(Source records)
★ ★ ★ ★

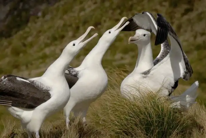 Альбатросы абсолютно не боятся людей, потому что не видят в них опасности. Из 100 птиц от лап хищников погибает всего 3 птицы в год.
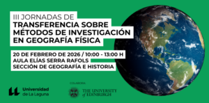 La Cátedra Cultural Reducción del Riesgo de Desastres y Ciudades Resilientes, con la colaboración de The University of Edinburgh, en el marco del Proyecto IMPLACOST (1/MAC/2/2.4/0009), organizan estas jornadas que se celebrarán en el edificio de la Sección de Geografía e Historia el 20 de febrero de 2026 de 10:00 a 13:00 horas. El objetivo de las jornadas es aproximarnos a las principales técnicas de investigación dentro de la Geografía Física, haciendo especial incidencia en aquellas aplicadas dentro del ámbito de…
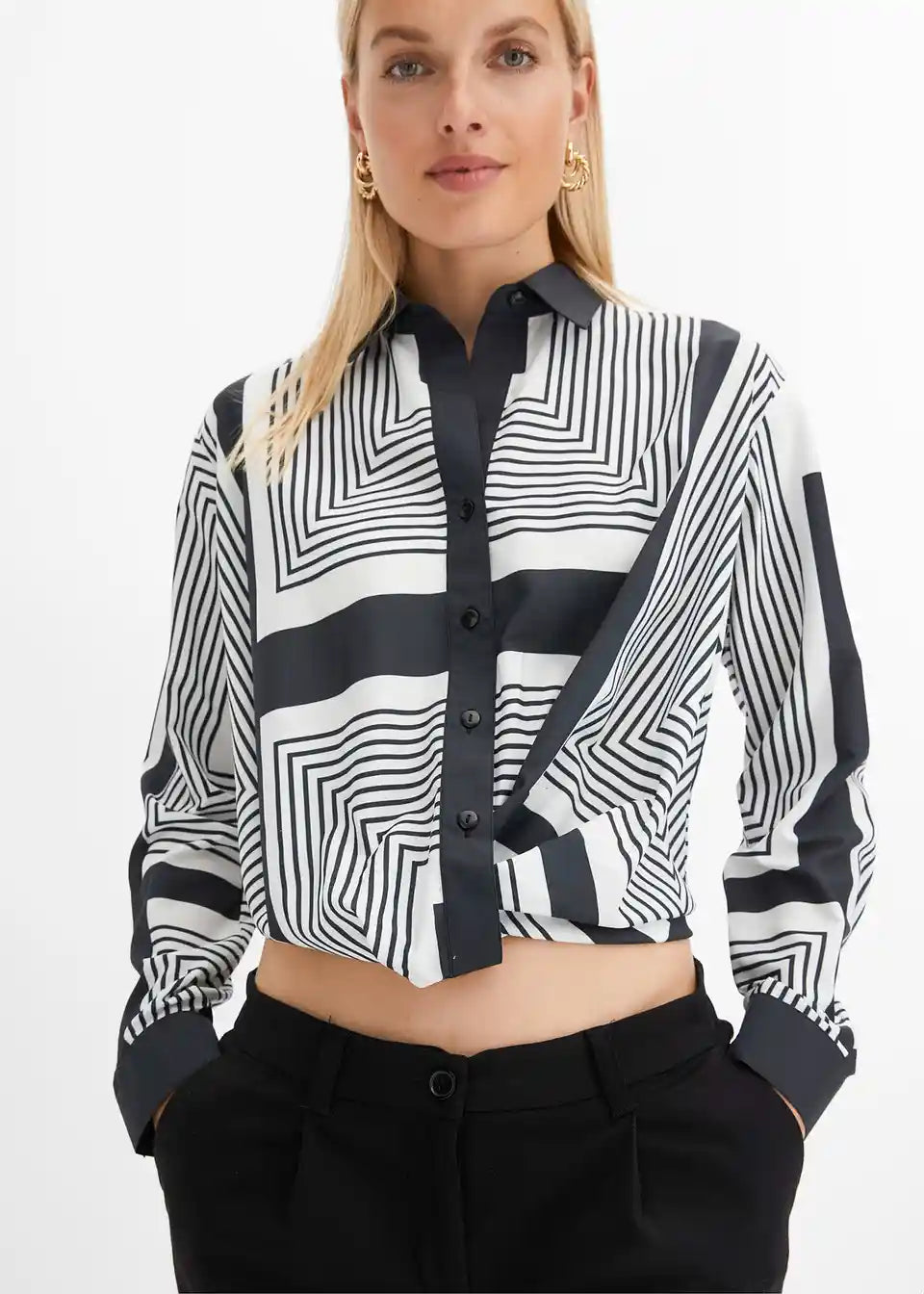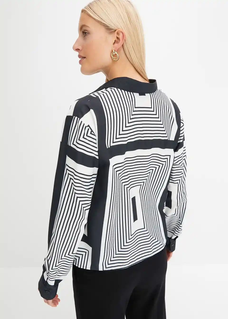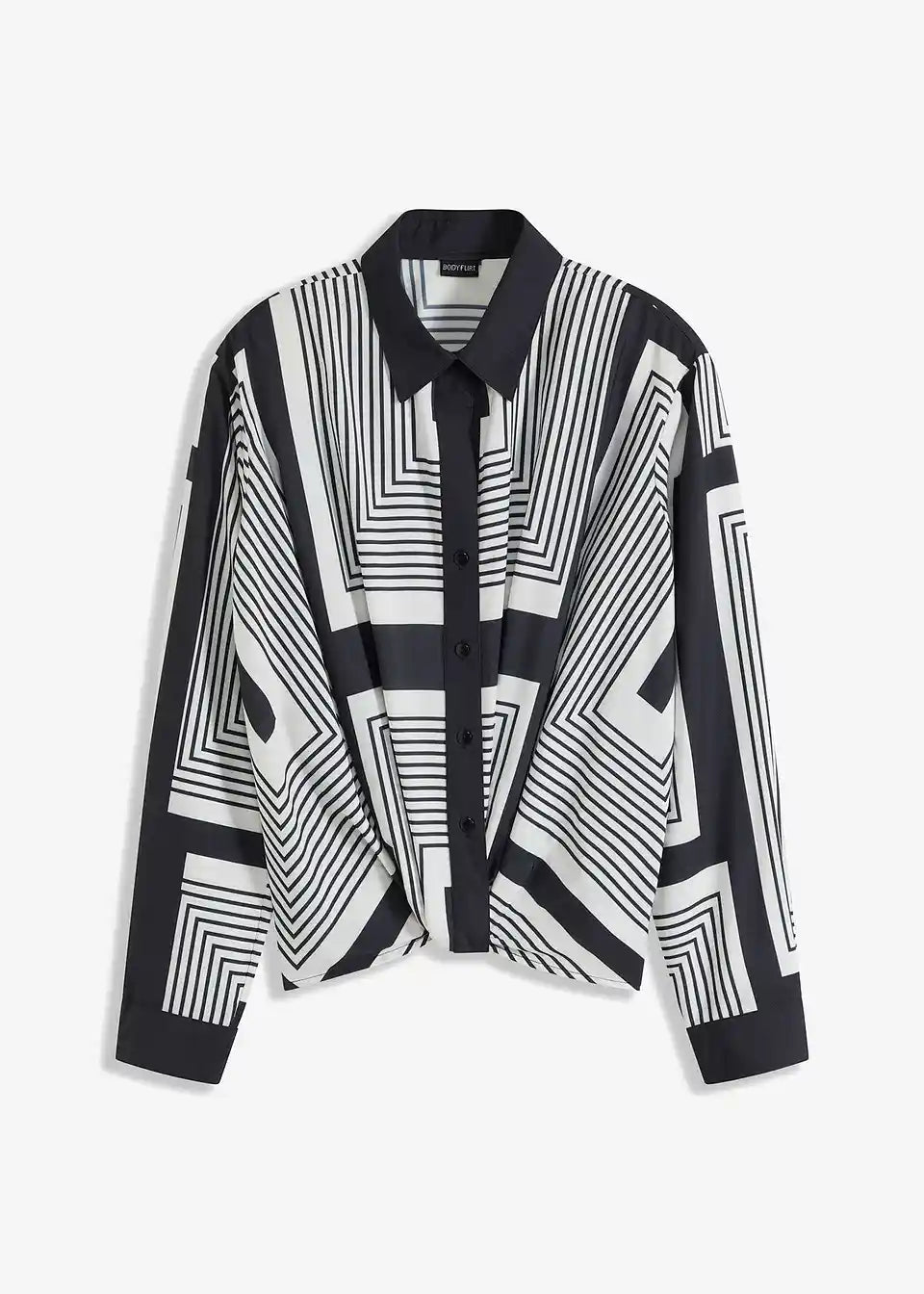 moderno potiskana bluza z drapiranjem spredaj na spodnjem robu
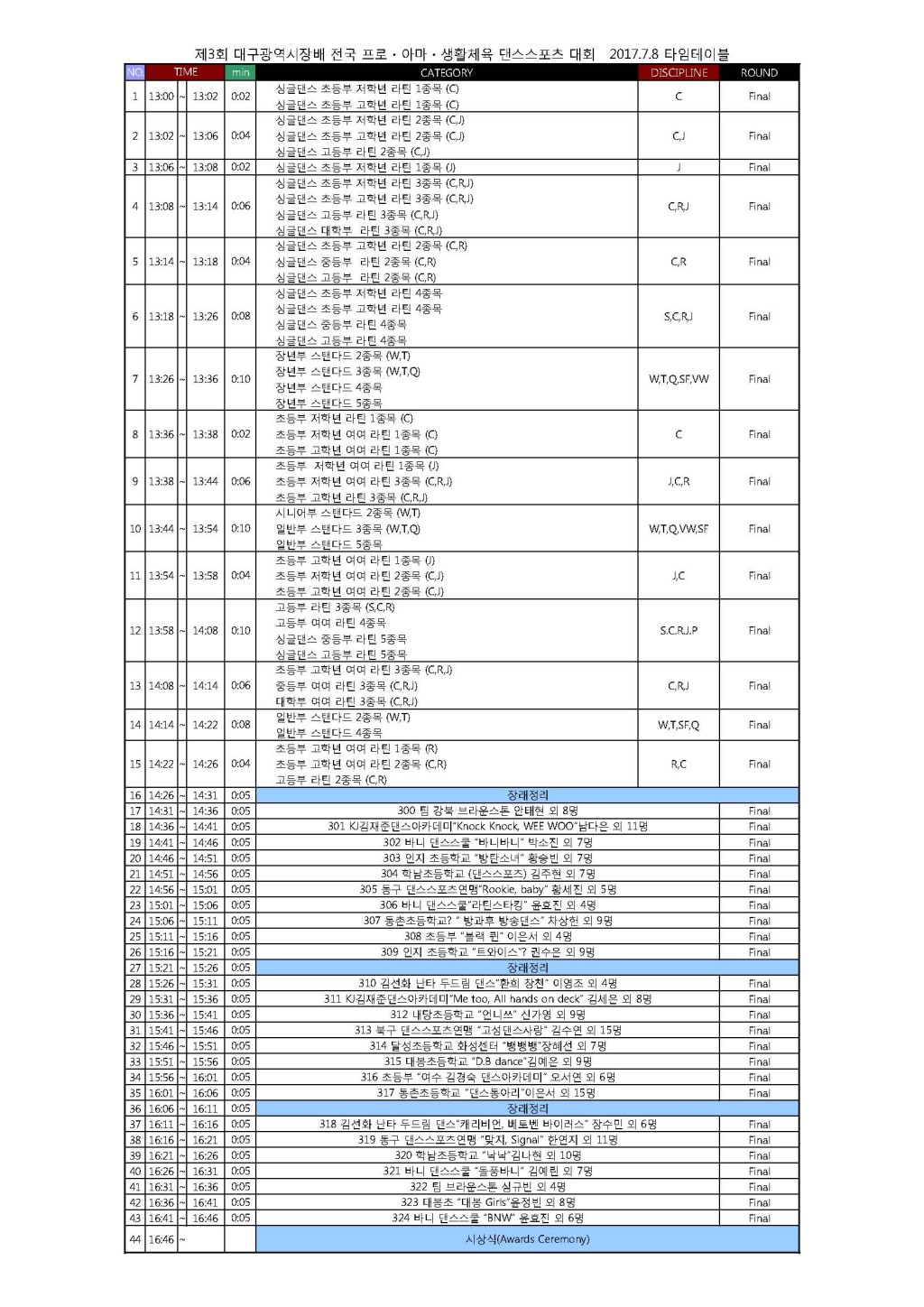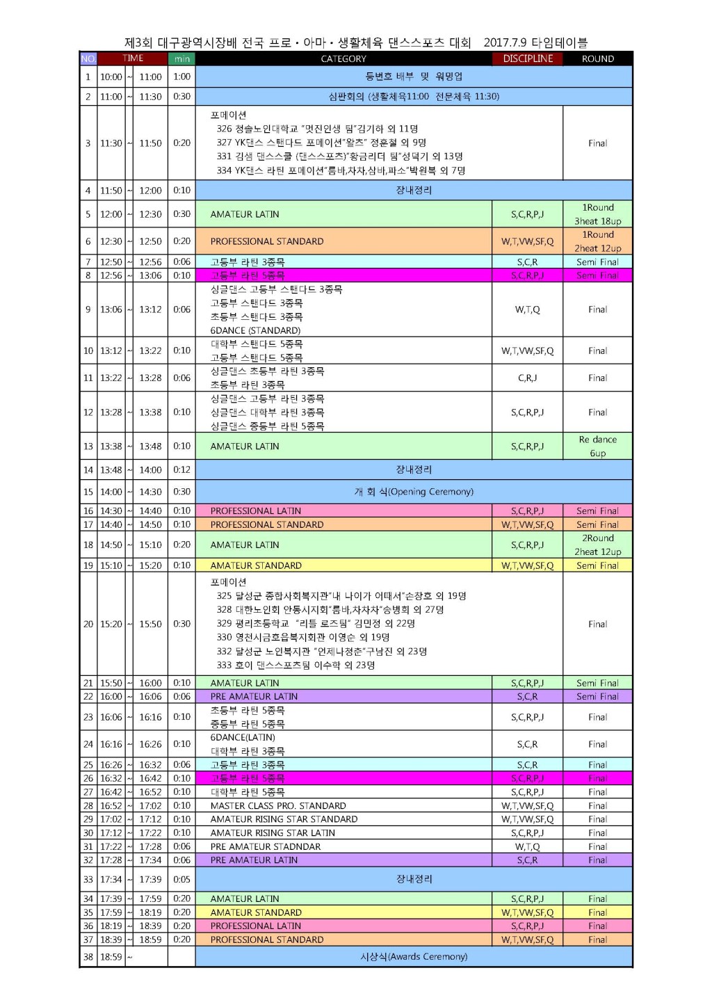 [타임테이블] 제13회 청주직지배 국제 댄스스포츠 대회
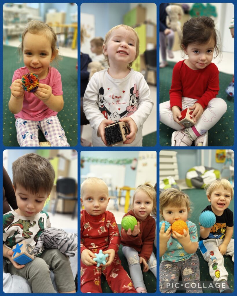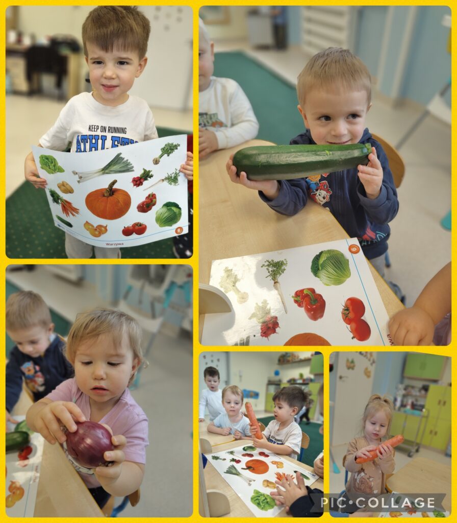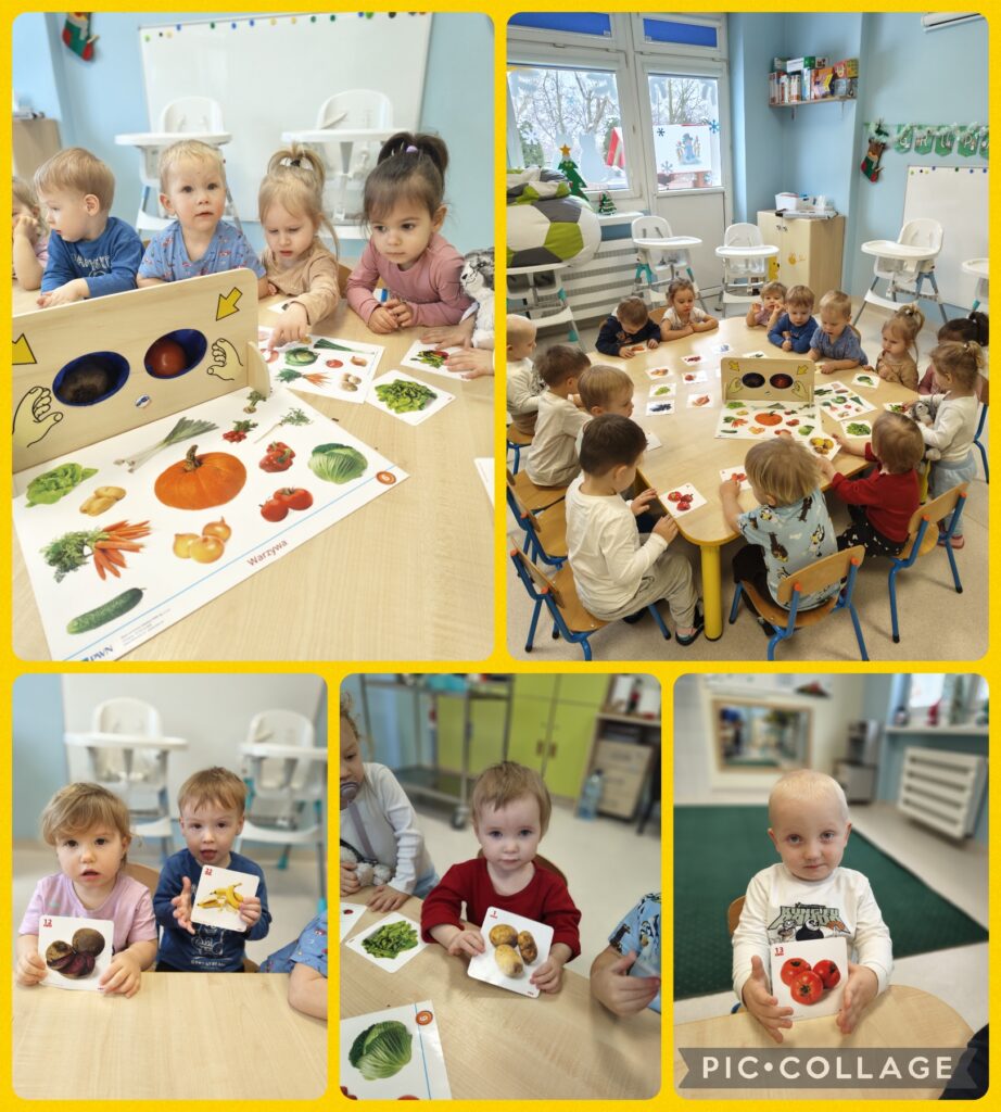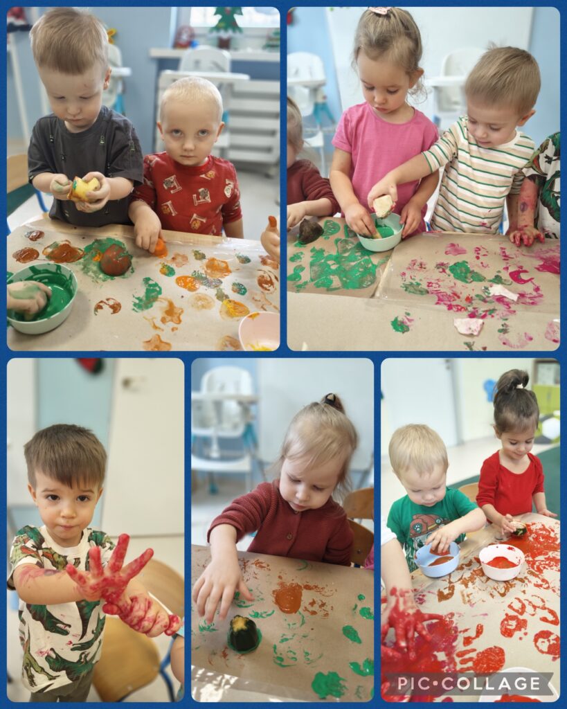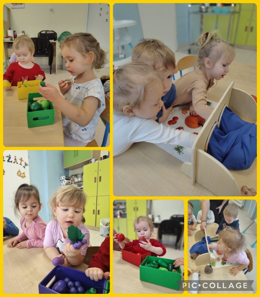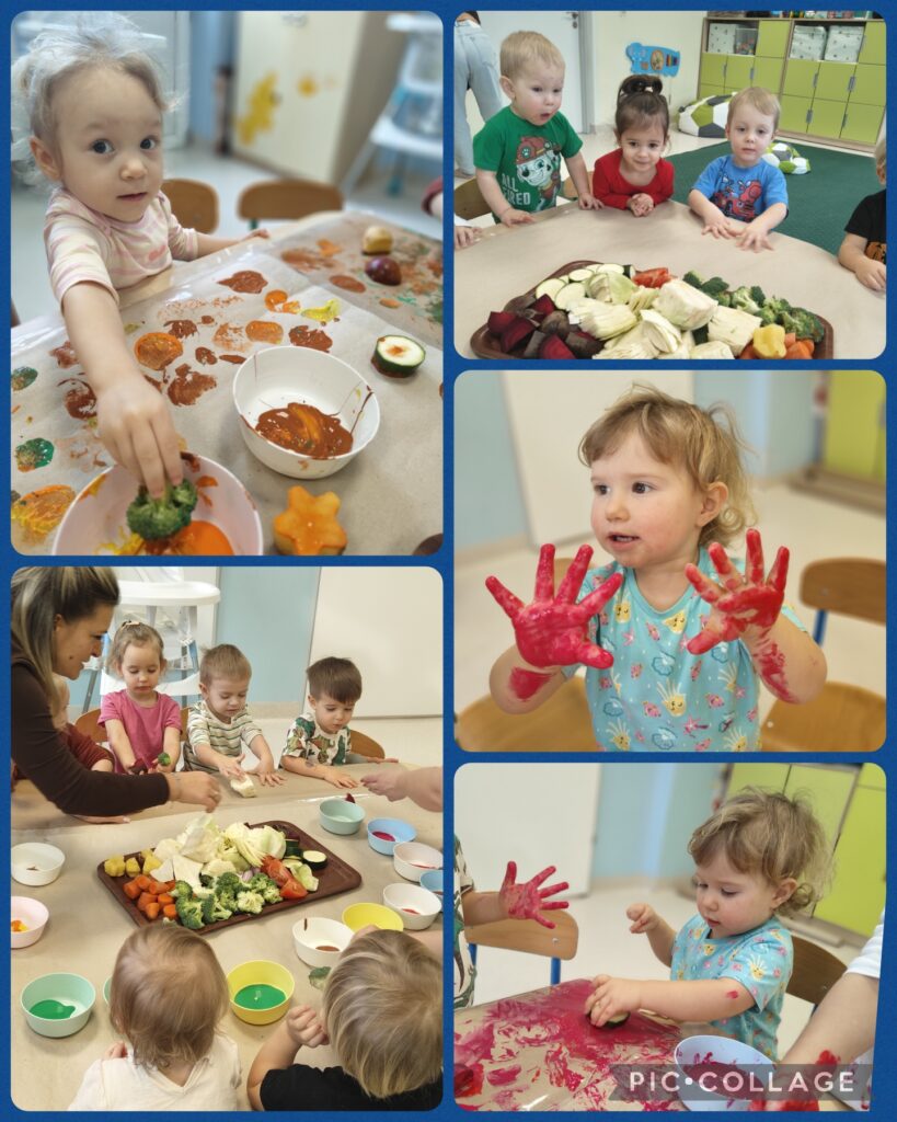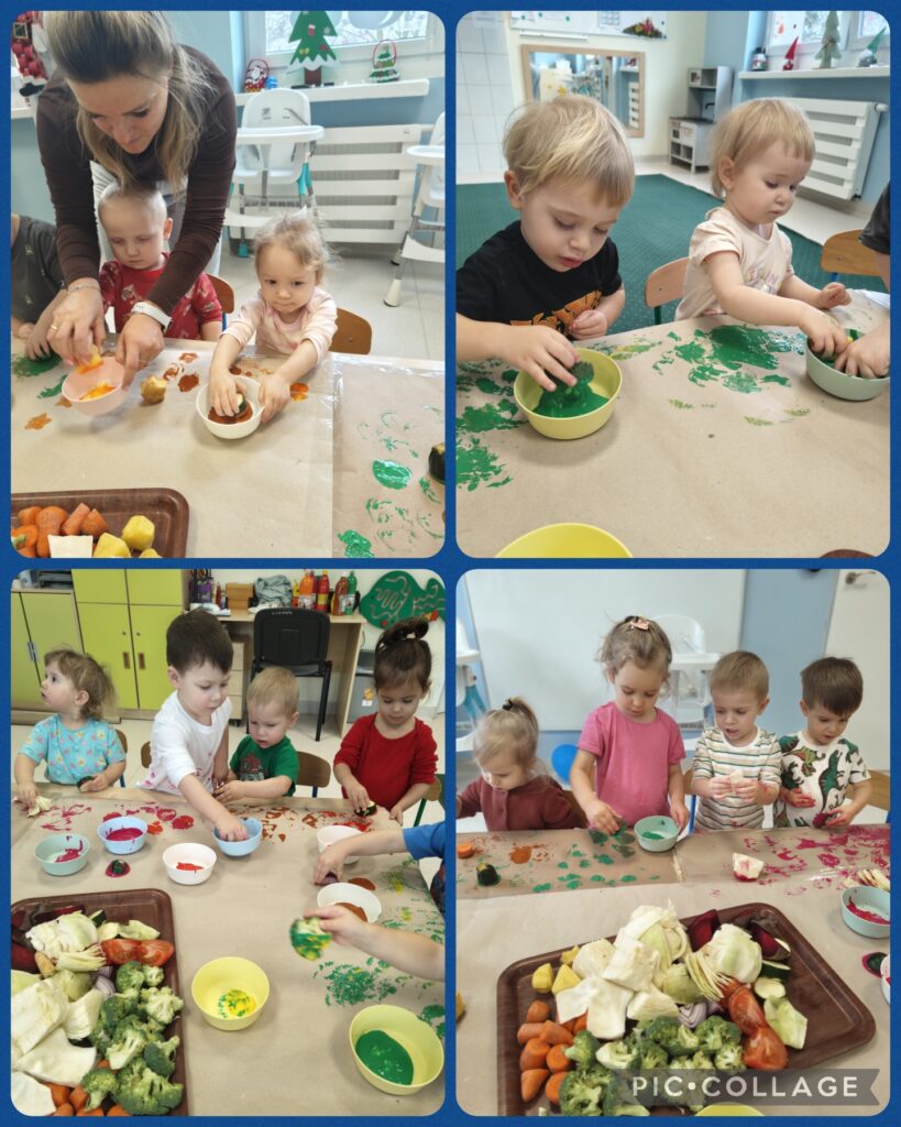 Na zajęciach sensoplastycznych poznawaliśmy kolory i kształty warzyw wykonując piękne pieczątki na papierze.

★ ★ ★ ★

_What is needed:_
Would you return the records exactly as written, minus any image?

_Reply to the exercise:_
 Альбатросы абсолютно не боятся людей, потому что не видят в них опасности. Из 100 птиц от лап хищников погибает всего 3 птицы в год.
 La Cátedra Cultural Reducción del Riesgo de Desastres y Ciudades Resilientes, con la colaboración de The University of Edinburgh, en el marco del Proyecto IMPLACOST (1/MAC/2/2.4/0009), organizan estas jornadas que se celebrarán en el edificio de la Sección de Geografía e Historia el 20 de febrero de 2026 de 10:00 a 13:00 horas. El objetivo de las jornadas es aproximarnos a las principales técnicas de investigación dentro de la Geografía Física, haciendo especial incidencia en aquellas aplicadas dentro del ámbito de…
 moderno potiskana bluza z drapiranjem spredaj na spodnjem robu
 [타임테이블] 제13회 청주직지배 국제 댄스스포츠 대회
 Na zajęciach sensoplastycznych poznawaliśmy kolory i kształty warzyw wykonując piękne pieczątki na papierze.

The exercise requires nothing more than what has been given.